Ted Kennedy, who ran for president, and came back to become really one of the great senators of all time.
The thing about Hillary Clinton that, frankly, I don’t think she played up enough in the campaign was that she’s well respected on both sides of the aisle over there. So I know she’s going to play a really key role in the Senate for getting her health care plan passed — assuming that she’s not the vice president. I think she’s got a great career ahead of her. She could even be the senate majority leader.
TCI: What was it like to be out there in front as the first member of the Colorado delegation to endorse a candidate?

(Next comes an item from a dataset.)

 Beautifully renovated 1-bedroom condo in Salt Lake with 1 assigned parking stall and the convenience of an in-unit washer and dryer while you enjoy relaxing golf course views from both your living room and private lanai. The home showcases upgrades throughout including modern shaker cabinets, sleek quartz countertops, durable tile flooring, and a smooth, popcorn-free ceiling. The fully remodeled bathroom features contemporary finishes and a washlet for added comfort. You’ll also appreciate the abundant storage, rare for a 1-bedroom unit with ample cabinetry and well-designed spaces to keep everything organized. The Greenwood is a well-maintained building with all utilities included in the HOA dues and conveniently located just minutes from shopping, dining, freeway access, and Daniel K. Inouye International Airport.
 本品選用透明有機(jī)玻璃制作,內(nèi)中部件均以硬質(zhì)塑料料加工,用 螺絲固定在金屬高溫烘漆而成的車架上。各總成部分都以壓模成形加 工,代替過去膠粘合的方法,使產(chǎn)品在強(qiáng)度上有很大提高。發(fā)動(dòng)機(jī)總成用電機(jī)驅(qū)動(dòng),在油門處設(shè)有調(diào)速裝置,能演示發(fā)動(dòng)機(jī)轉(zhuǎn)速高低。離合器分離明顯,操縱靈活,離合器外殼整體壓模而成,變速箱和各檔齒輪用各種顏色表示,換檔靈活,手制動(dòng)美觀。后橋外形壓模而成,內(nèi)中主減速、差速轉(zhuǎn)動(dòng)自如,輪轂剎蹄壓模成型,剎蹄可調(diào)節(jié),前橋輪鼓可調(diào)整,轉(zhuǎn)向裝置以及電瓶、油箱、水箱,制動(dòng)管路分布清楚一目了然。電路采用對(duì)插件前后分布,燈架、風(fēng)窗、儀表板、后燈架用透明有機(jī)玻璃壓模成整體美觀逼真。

DG: That’s my personality. I believed in her but my support for Hillary had nothing to do with being against Barack. I just had known her for a long time. I thought she was the more qualified candidate. But, I’ll tell you, there’s not even an iota of doubt that Barack Obama will be a far better president than John McCain.

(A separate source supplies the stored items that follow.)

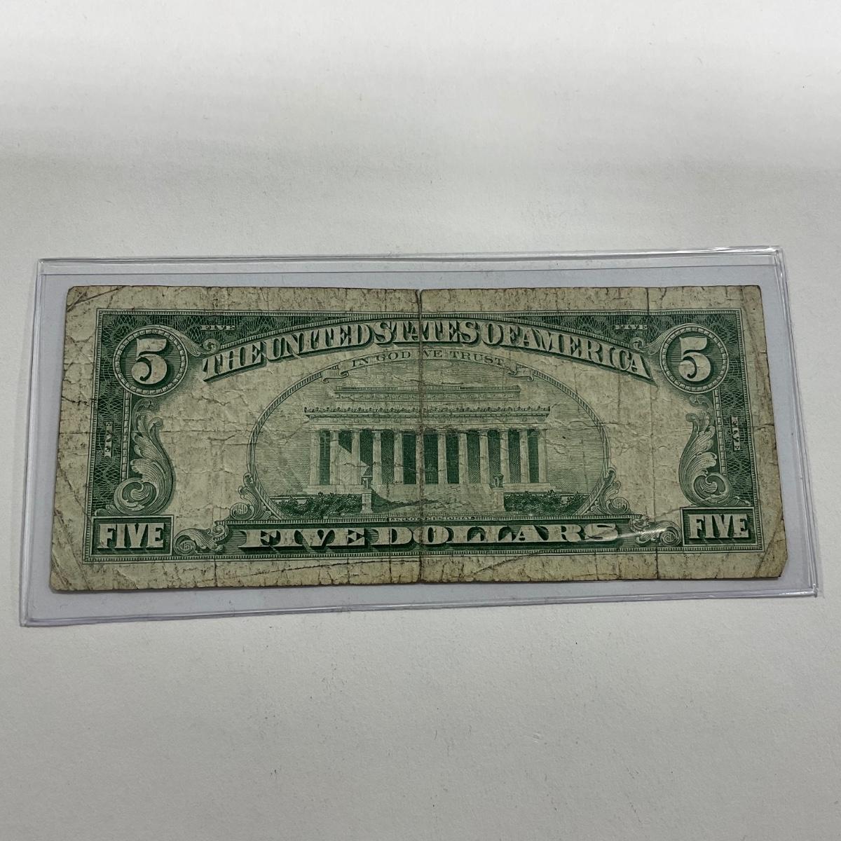 One 1963 five dollar red seal five dollar star note in circulated condition. Please see photos for details and condition. ::: Shipping is available on this lot. If you require shipping you must let us know at the close of the auction. We will coordinate with you after the item has been won. Shipping fees will include insurance up to or exceeding the value of all items being mailed. If you have any questions regarding this lot please contact the auctioneer either via this website, by direct email or by phone. PICK UP TIMES and other important information can be found in the TERMS and DESCRIPTION of the auction. Please take a look for pertinent information. Thanks!
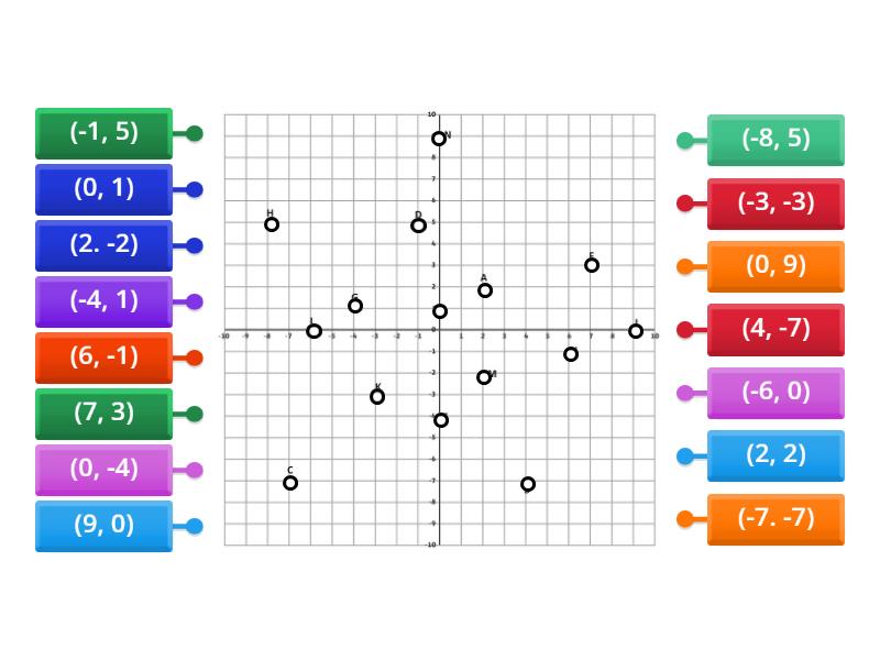 (2, 2), (4, -7), (-7. -7), (-1, 5), (0, -4), (2. -2), (-8, 5), (6, -1), (-4, 1), (9, 0), (-3, -3), (0, 9), (7, 3), (-6, 0), (0, 1).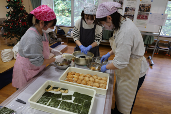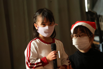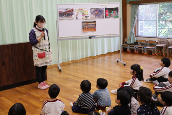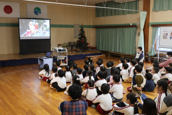 はじめに子供たちが作ったサンタからのプレゼントを入れる袋のアピールポイントを先生方が紹介しました。
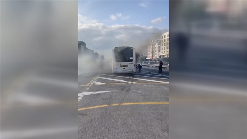 Yolcular araçtan tahliye edilirken, yangın İBB ekiplerinin müdahalesiyle söndürüldü.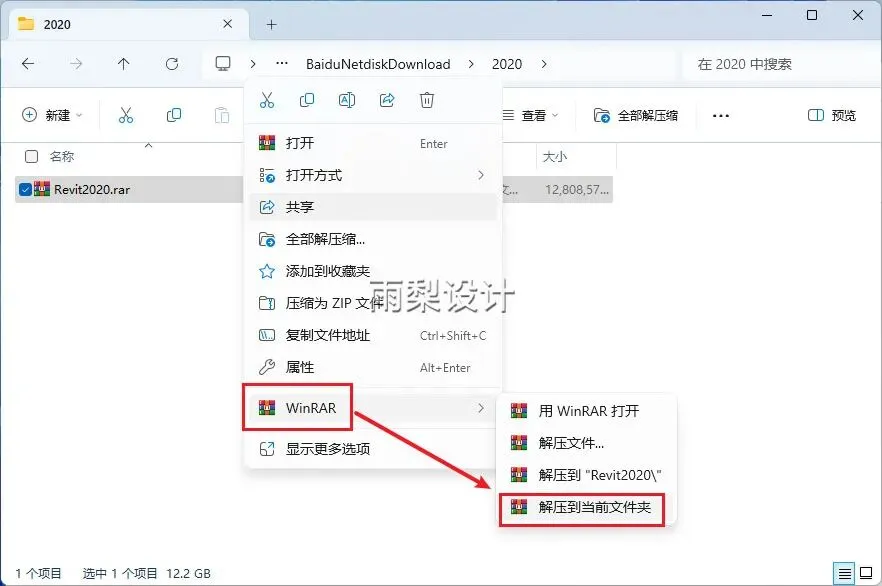 1.右键【下载的安装包】选择【解压当前文件夹】

TCI: Do you expect to have a role on Sen. Obama’s campaign?
DG: I’m sure I will because Sen. Obama has worked with me on the stem cell bill. He knows I’m the leader in Congress on it. And as the vice chair of Energy and Commerce, he will also be working with me when we put together comprehensive health care reform.
TCI: The viciousness of the progressive bloggers engaging each other in this primary race was particularly acute. How does the in-fighting affect a campaign especially when it starts filtering into media coverage?
DG: Politics is not for the faint of heart. While I think that since the new medium of blogging is not face to face there’s more bare honesty. On the otherhand, you just take the medium for what it is and you move on. You have to do that. I don’t think it’s going to damage the presidential campaign.
I would say to the bloggers who have been supporting one candidate or another as I told my brother who was a Green [Party member] I hope you’re enjoying your president — George W. Bush.
If the Hillary Clinton partisans don’t get behind Obama, we’re going to have four more years of the Iraq War, retrogressive energy policy, and we’re going to lose a woman’s right to choose and on and on.
It’s time for us to come together and unify as a party and move on towards November.